Quick Summary
- Shares of Eli Lilly declined 3% following a report from an analyst highlighting a liver failure incident in the FDA’s adverse event database connected to Foundayo, the company’s oral GLP-1 medication
- The incident concerned a 56-year-old patient; Eli Lilly quickly refuted the connection, stating the case was unrelated to Foundayo
- Several Wall Street experts characterized the market reaction as excessive and recommended purchasing shares at the lower price
- Since its debut last month, Foundayo has already been prescribed to 20,000 patients, with 80% being first-time GLP-1 users
- In its most recent earnings report, Lilly posted 125% revenue growth for Mounjaro at $8.6B and 80% growth for Zepbound at $4.1B
Shares of Eli Lilly experienced approximately a 3% decline Monday morning following a report from Evercore ISI analyst Umer Raffat, who identified a hepatic failure incident in the FDA Adverse Event Reporting System (FAERS) associated with Foundayo, the pharmaceutical giant’s recently introduced oral GLP-1 treatment.

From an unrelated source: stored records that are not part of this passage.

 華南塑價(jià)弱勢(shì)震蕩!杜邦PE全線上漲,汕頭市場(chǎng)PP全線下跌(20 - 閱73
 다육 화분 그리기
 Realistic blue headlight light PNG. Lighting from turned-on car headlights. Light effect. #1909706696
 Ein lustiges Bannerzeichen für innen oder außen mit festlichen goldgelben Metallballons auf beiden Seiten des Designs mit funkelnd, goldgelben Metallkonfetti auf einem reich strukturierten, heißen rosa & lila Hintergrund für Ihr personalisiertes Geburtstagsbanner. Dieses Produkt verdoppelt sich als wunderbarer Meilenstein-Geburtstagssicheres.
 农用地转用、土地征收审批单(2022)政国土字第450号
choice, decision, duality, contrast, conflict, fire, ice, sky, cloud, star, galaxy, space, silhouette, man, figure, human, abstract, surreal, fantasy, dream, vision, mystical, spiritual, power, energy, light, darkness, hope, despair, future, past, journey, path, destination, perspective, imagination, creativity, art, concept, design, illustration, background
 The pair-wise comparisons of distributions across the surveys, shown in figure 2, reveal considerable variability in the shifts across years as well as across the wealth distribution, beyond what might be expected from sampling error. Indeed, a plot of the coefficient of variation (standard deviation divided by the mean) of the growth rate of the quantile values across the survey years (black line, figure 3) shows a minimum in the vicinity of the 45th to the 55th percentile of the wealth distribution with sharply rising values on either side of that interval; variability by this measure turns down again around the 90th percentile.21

The reported incident involved a 56-year-old male patient and potentially occurred on or prior to April 15. The submission to the FDA was made on April 30.
LLY traded around $934 during early Monday trading hours before experiencing a partial rebound. Competitor Novo Nordisk (NVO) saw its shares climb approximately 2% following the disclosure.

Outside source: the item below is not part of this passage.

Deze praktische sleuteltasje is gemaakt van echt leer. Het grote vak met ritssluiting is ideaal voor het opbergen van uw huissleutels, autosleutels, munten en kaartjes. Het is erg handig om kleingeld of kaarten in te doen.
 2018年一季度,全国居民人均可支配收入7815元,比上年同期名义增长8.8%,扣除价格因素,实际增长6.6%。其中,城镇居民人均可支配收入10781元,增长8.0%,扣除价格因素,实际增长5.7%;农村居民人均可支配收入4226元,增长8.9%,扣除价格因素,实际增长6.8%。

Raffat emphasized that examining this case independently would be inappropriate. He highlighted that hepatic failure reports have surfaced across various GLP-1 medications — with Ozempic showing 33 documented cases, Wegovy showing 15, Mounjaro showing 30, and Zepbound showing 2.

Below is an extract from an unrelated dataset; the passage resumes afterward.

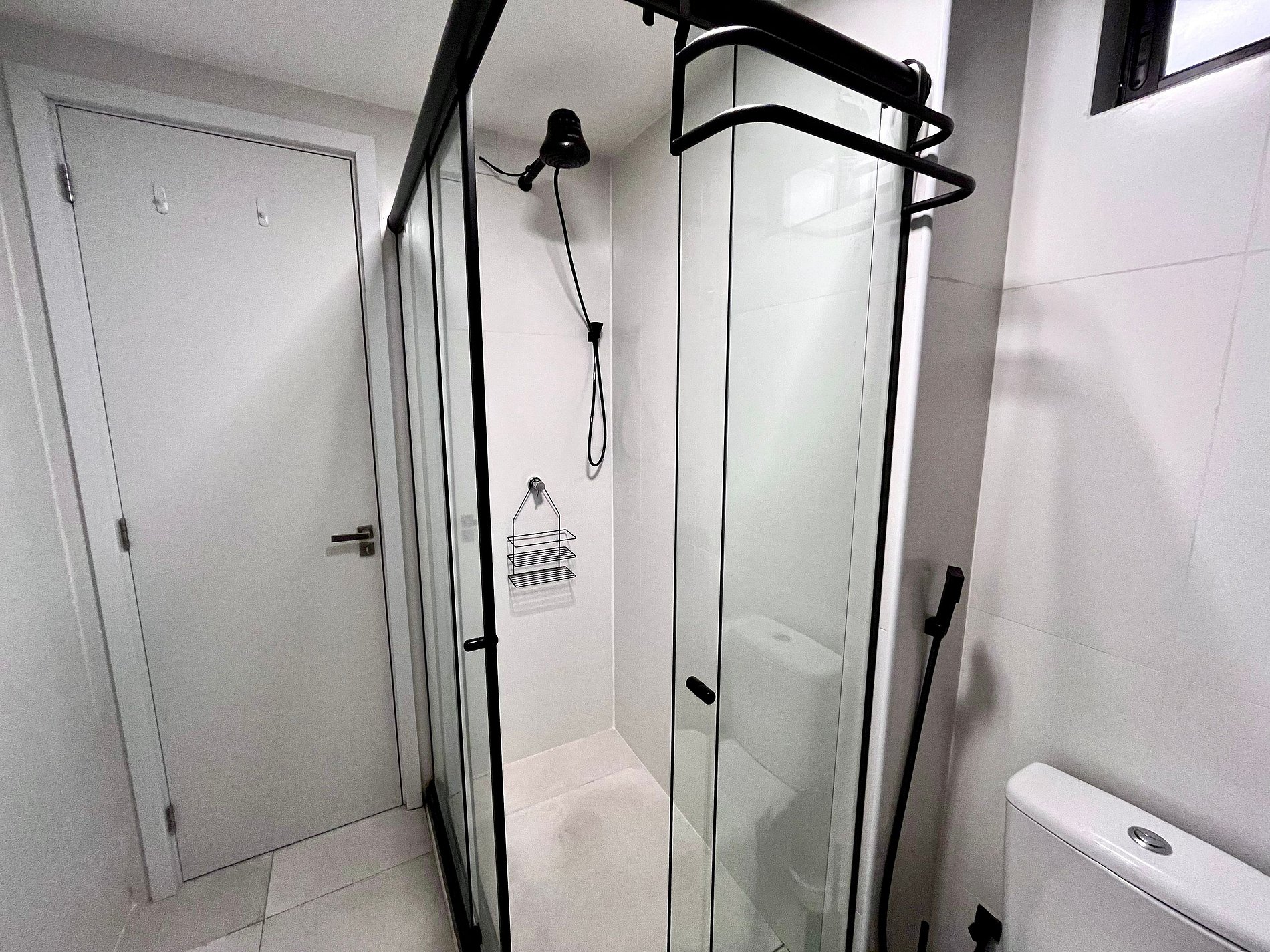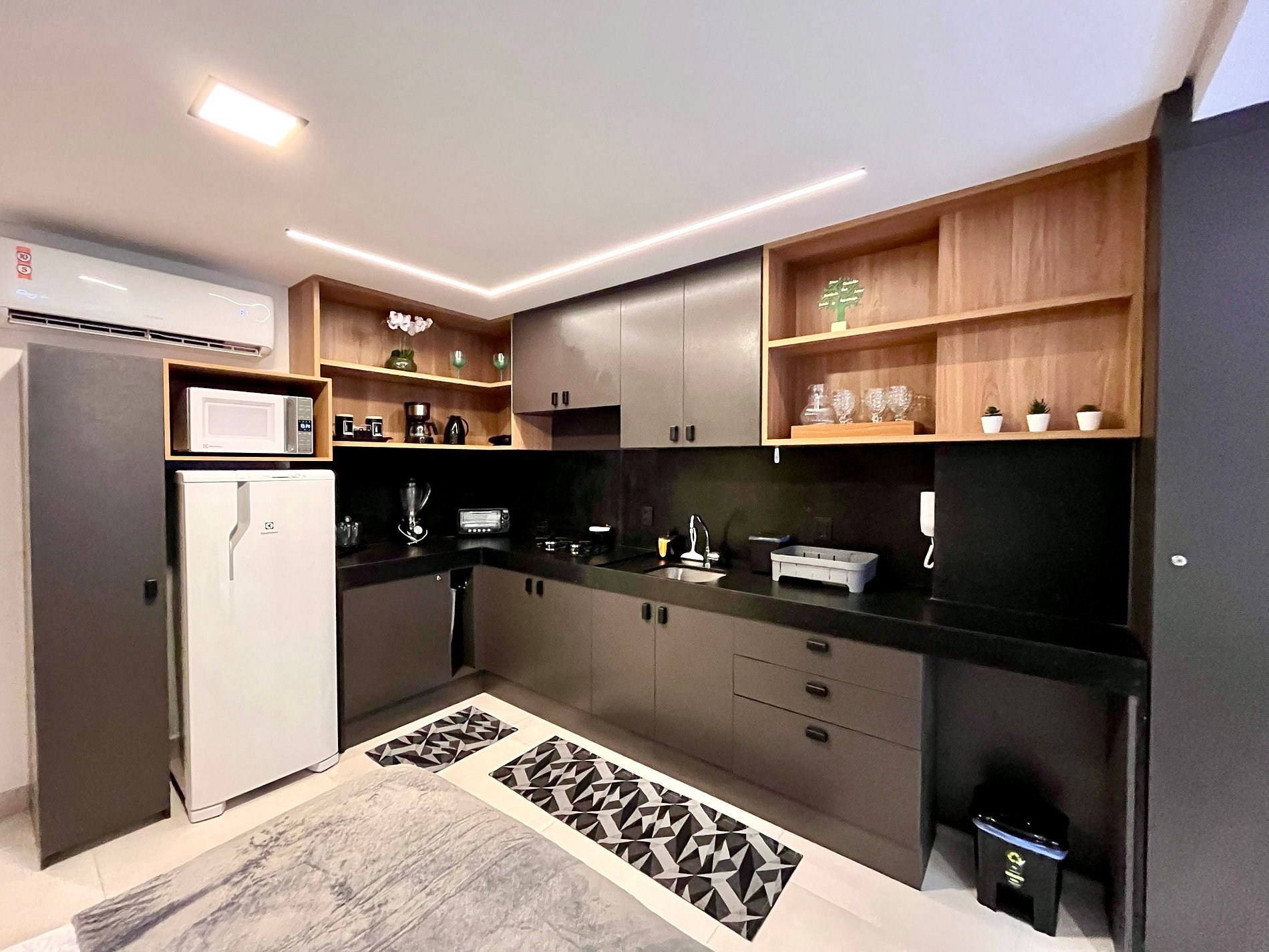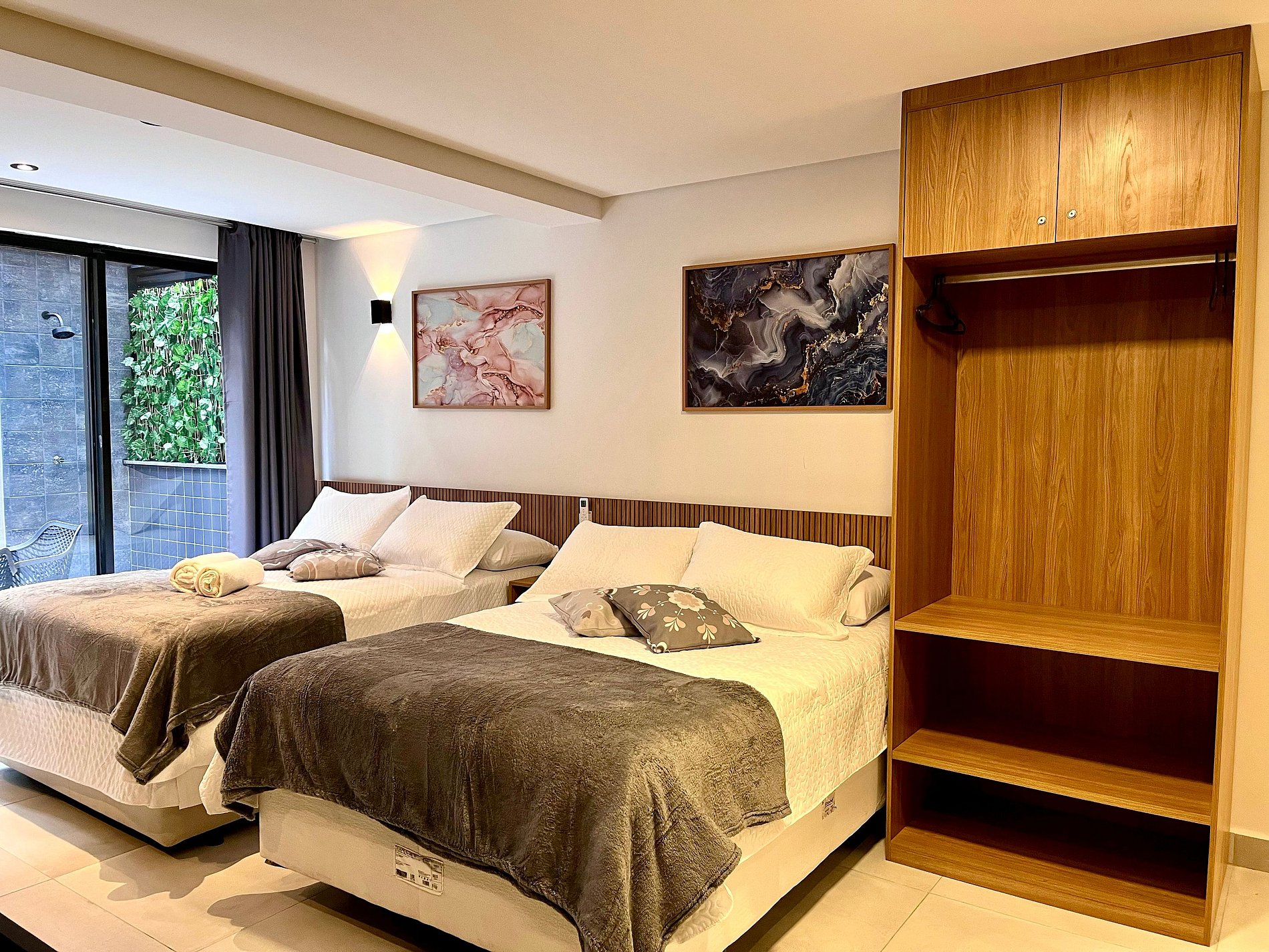 Flat com 37m², capacidade para acomodar até 04 pessoas, contando com duas camas casais. Possui uma área externa com mesa e cadeiras e chuveiro externo, cozinha equipada com cooktop, micro-ondas, cafeteira, sanduicheira, frigobar entre outros itens.Conta com Smart TV, ar condicionado, espaço para trabalho. O prédio conta com piscina na cobertura, coworking, academia e lavanderia. Fica próximo a restaurantes, farmácias, padarias, posto de gasolina e conveniências.

He stated the “onus is on LLY” to conduct thorough and expeditious reviews of liver-related cases to prevent misunderstandings, particularly considering previous liver toxicity concerns associated with other oral GLP-1 compounds, including a candidate from Pfizer.
Lilly responded swiftly to the situation. The pharmaceutical company refuted the report after conducting an investigation that concluded it had no connection to Foundayo.
Wolfe analyst Alexandria Hammond supported Lilly’s stance. She characterized the pre-market selloff as “overdone” and indicated she would purchase shares at the reduced price.
Bernstein’s Christian Moore shared a similar perspective. He argued that missing a liver toxicity signal seemed improbable considering the extensive clinical trial data compiled for Foundayo, and also stated his intention to buy during the price decline.
Foundayo’s hepatic safety profile has undergone evaluation in numerous studies, including the 2,800-participant ACHIEVE-4 trial, which examined hepatic safety at the FDA’s directive and identified no safety concerns.
Strong Initial Performance for Foundayo
Since debuting last month, Foundayo has already reached 20,000 patients. A significant finding: 80% of these patients represent individuals who have never used GLP-1 medications before, indicating the pill format is broadening the market instead of simply shifting patients from injectable formulations.
Foundayo possesses a convenience advantage compared to Novo Nordisk’s oral Wegovy — it doesn’t mandate taking the medication on an empty stomach, simplifying integration into patients’ daily schedules.
Lilly is also making headway in expanding prescriber awareness and securing availability through major pharmacy networks.
Lilly’s Fundamental Performance Stays Robust
The stock decline occurred despite Lilly delivering impressive quarterly results the previous week. Mounjaro revenue surged 125% to reach $8.6 billion while Zepbound increased 80% to $4.1 billion.
Lilly commands approximately 60% of the U.S. GLP-1 medication market share, supported partly by head-to-head clinical study results demonstrating superior weight reduction compared to rival medications.
The pharmaceutical company is actively developing additional weight loss drug candidates within its research pipeline.